Short Cuts

To try and regain the amount of entertainment I had when watching Happiness, I stumbled across the stylistically similar 1993 film Short Cuts, by Robert Altman. At three hours long, and featuring an ensemble cast of 22 actors and actresses – including Andie MacDowell, Bruce Davison and a very young Robert Downey, Jr. – this is one of the quirkiest long films I’ve ever sat through.


Set in Los Angeles, the film gives the viewer a God perspective on the interlocking stories of twenty-two individuals – apparently! I didn’t stop and count them – as they wind through their dark, gritty and sometimes tragic lives. While some elements of this film are humorous, I wouldn’t say that humour is the raison d’être for this film, so it would be difficult to call it a black comedy.

With twenty-two characters, it’s difficult to get a grasp of who’s whom, and how so-and-so knows what’s-her-face, but after about 40 minutes, I had the character list sussed. We rarely see a non-main-character on screen; the extras in each scene are usually the part of the ensemble. Everything is linked!

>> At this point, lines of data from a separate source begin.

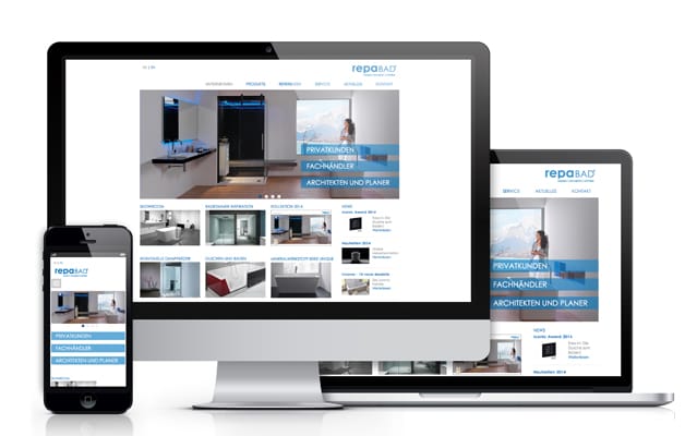 Die neue Seitenstruktur und Menüführung bieten dem Besucher der Repabad-Seite eine schnelle Orientierung. Die Gliederung in unterschiedliche Nutzergruppen – Privatkunde, Fachhandwerk und Architekten / Planer – macht spezifische Inhalte auf einen Klick sichtbar. Die Startseite zeigt Messetermine, Produktneuheiten sowie aktuelle Nachrichten.
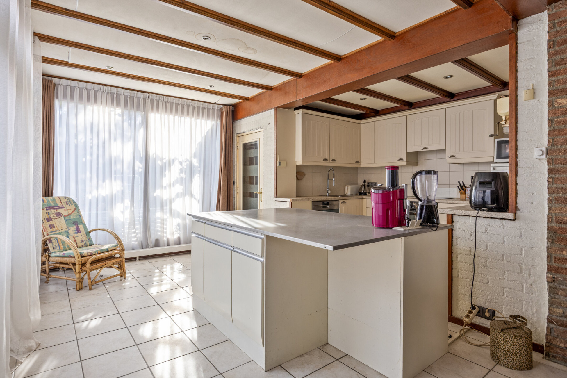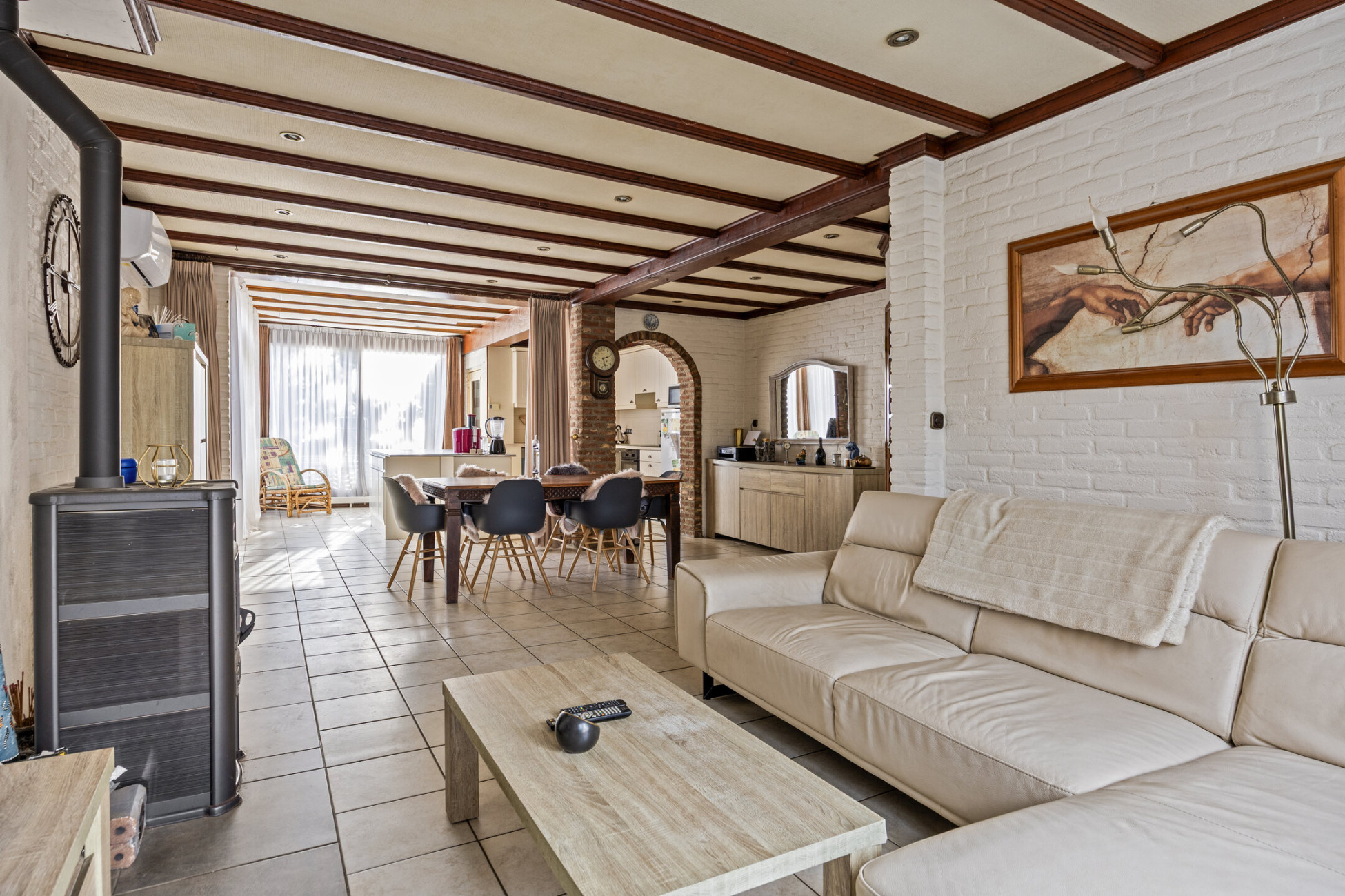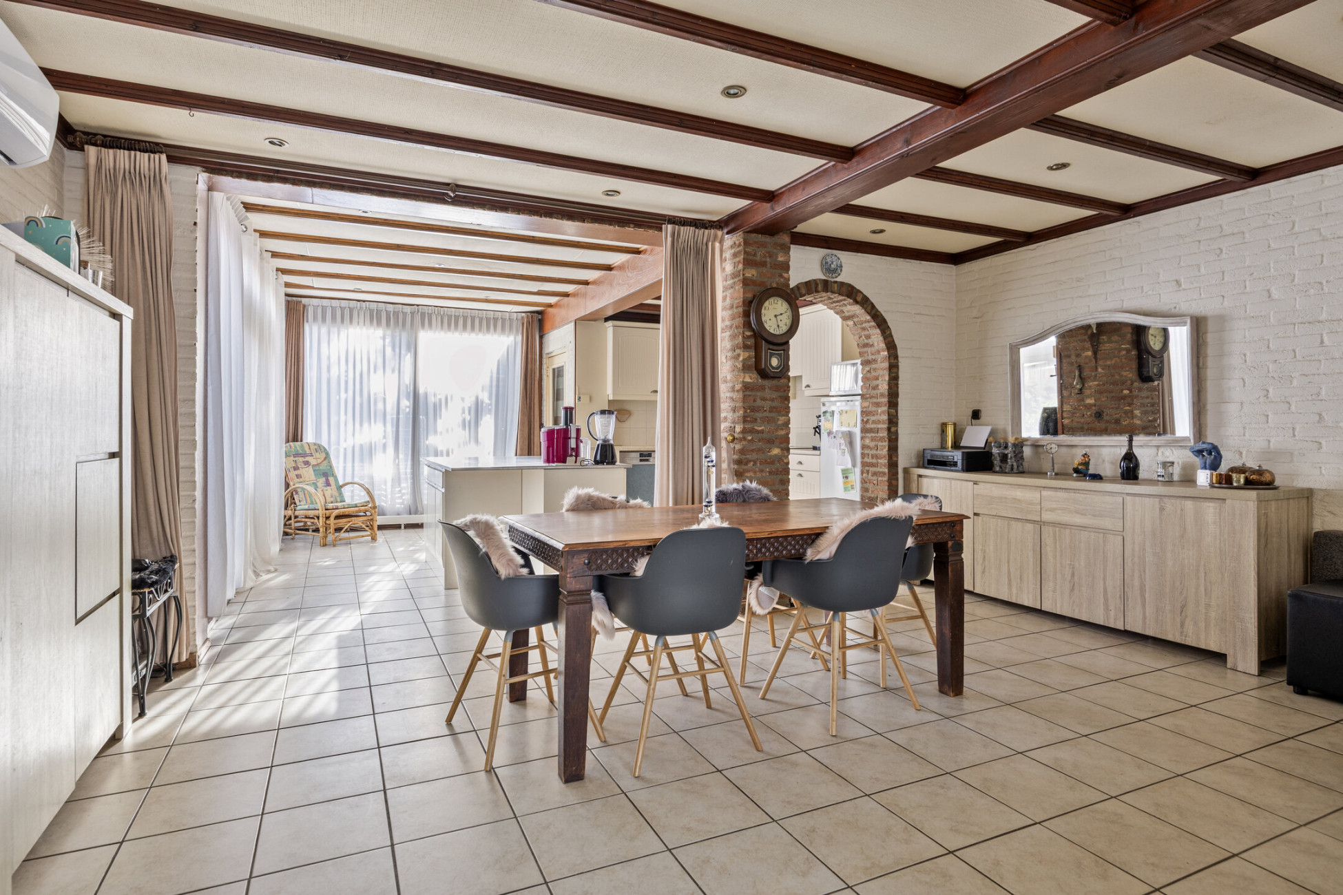 De entree biedt toegang tot de trapopgang, meterkast en dubbele deuren naar de ruime benedenverdieping. Aan de voorzijde bevindt zich de gezellige zithoek met open haard en airconditioning, perfect voor zowel zomer als winter. De woning is aan de achterzijde uitgebreid met een lichte serre die zorgt voor extra leefruimte en comfort dankzij de vloerverwarming. De open keuken is royaal opgezet met een werkeiland, inductiekookplaat, afzuigkap, oven en vaatwasser. Vanuit de keuken is er toegang tot de bijkeuken en het toilet.
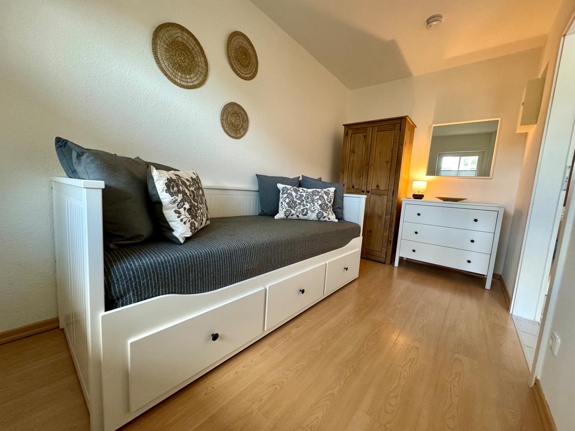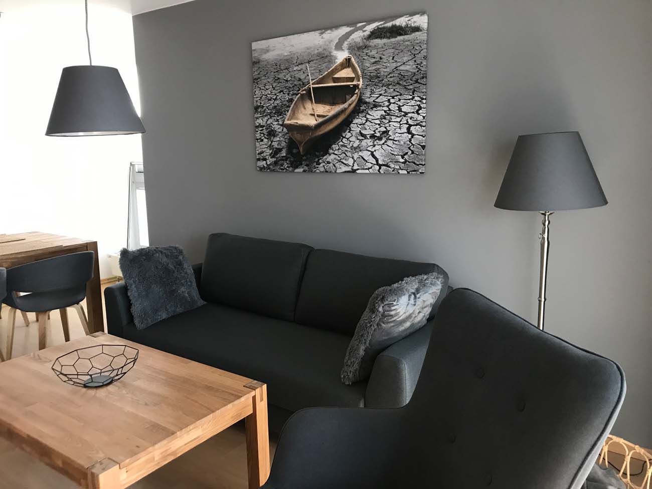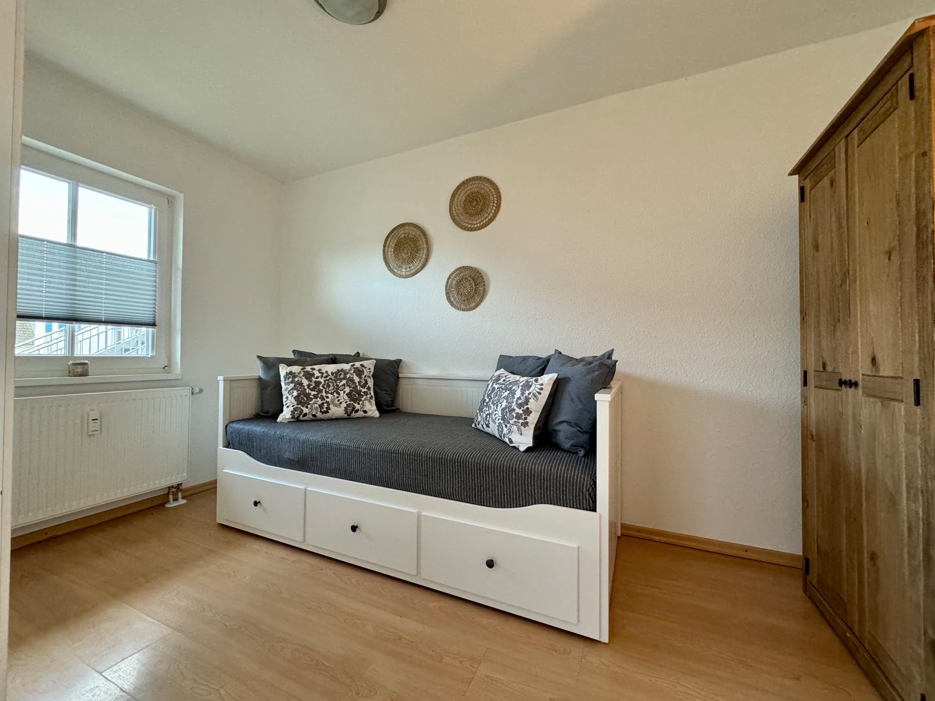 Die in 2019 für Sie neu renovierte und mit Liebe ausgestattete Ferienwohnung verfügt über einen gemütlichen Wohn- u. Essbereich für 4 Personen, einem Schlafzimmer mit Boxspringbett 180x200, einem Kinderzimmer mit einem ausziehbaren Tagesbett (ausgezogen 160x200 für 2 Personen), einer abgeschlossenen Küche, einer Garderobe, einem Abstellraum, eine geschlossene Veranda mit zusätzlicher Sitzgelegenheit, welche zum Verweilen und Chillen einlädt. Im Wohnbereich befindet sich eine hochwertige Boxspring-Schlafcouch (ausgezogen 160x200), welche gerne von weiteren ein bis zwei Personen genutzt werden kann. Die Ferienwohnung ist ideal geeignet für 2-6 Personen (+1 Kleinkind) Zusammenfassung:
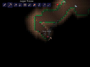 洞窟の奥で採掘中。行き止まっても、ピッケルさえあればどこまでも掘り進んでいける

The action is rather fast-paced. Scenes are generally rather brief, and in a three-hour film, this can get rather intense. There is a lot to keep on top of. There’s none of the neat tying up of plots that you’d expect from a more mainstream film, but I suspect if you saw the film more times, you could gather more meaning from each of the characters’ tales. I wasn’t quite as tickled as I was with Happiness or American Beauty, probably because the characters here aren’t quite as shocking. A worthwhile view, all the same.